Пришло письмо от Первой принцессы:
«В последнее время чувствовала себя отвратительно и даже головы не могла поднять, поэтому и не писала тебе, а тем временем узнала новость, которая меня очень обрадовала и всем нам служит к чести. Но радуясь, мы должны, однако, не забывать теперь о другом деле. Накатада говорил мне: „Императрица-мать строит разные планы, но я к этому всему не причастен. Если кто-нибудь подумает, что я в них замешан, мне будет очень неприятно". Он очень беспокоится».
Фудзицубо написала в ответ:
«Ты была нездорова, и мне нужно было бы навестить тебя, но я так этого и не сделала… Благодарю тебя за беспокойство обо мне, думаю, всё окончится, как кончается с цветами вишни: быстро они облетают и скоро их забывают. Мне кажется, что Накатада кривит душой, но спасибо и за то, что он так говорит».
После разговора с матерью жена Тадамаса почувствовала ко всему отвращение, она, не разговаривая ни с родителями, ни с сёстрами, днём и ночью оставалась погруженной в свои думы, стенала и плакала. Всё стало ей безразлично. Она не произносила ни одного слова. Тадамаса любил жену беспредельно, но она не могла утешиться.
После того, как одиннадцатая дочь Масаёри, выйдя замуж за принца Хёбукё, стала жить отдельно, она с Фудзицубо не могла встречаться. Поэтому Фудзицубо настойчиво приглашала её, чтобы поговорить по душам о том, что произошло за тот долгий период. Но жена принца всё ещё к ней не приезжала.
Через несколько дней вечером в покоях Фудзицубо собрались её мать, сёстры, братья. Все были одеты в красивые платья на подкладке и вышитые шёлковые накидки. От первого министра пришли за женой, но она ответила, что эту ночь проведёт здесь. Никогда ничего подобного не бывало, и министр, крайне удивлённый её ответом, сам явился за женой.
— Сейчас здесь много народу, свободного места нет, и увидеться с тобой я не могу. Возвращайся домой. Я вернусь через два-три дня, — сказала ему из-за занавеси жена.

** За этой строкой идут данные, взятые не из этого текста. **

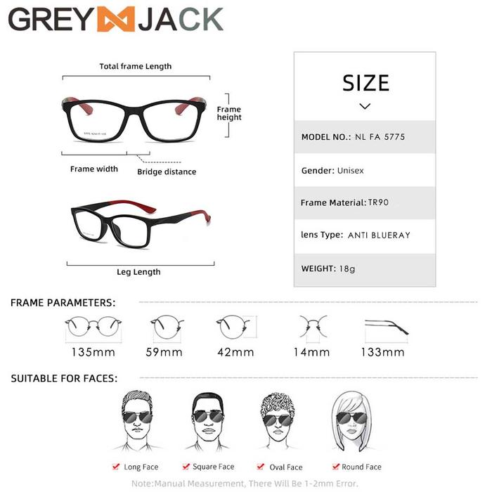 GREY JACK KACAMATA SPORT ANTIRADIASI BLUERAY TR90 RINGAN LENTUR KOKOH 5775 - BROWN, BLUERAY NORMAL

— Никогда я не слышал от тебя таких странных речей, — воскликнул министр. — Як этому не привык. Не поверив посыльному, я прибыл сюда сам. Почему ты разговариваешь со мной, как с посторонним? Выйди сейчас же ко мне.
— Выйди к нему, — стала уговаривать дочь жена Масаёри. — Нельзя быть такой несговорчивой с мужем.
— Я не могу простить, что он мне ничего не рассказал о происках императрицы. О, я несчастная! — ответила та.
Для министра разложили подушки на веранде, и к нему вышли Тададзуми, Сукэдзуми и Мородзуми. «В покоях, куда вы собрались войти, сейчас много народу», — стали извиняться они.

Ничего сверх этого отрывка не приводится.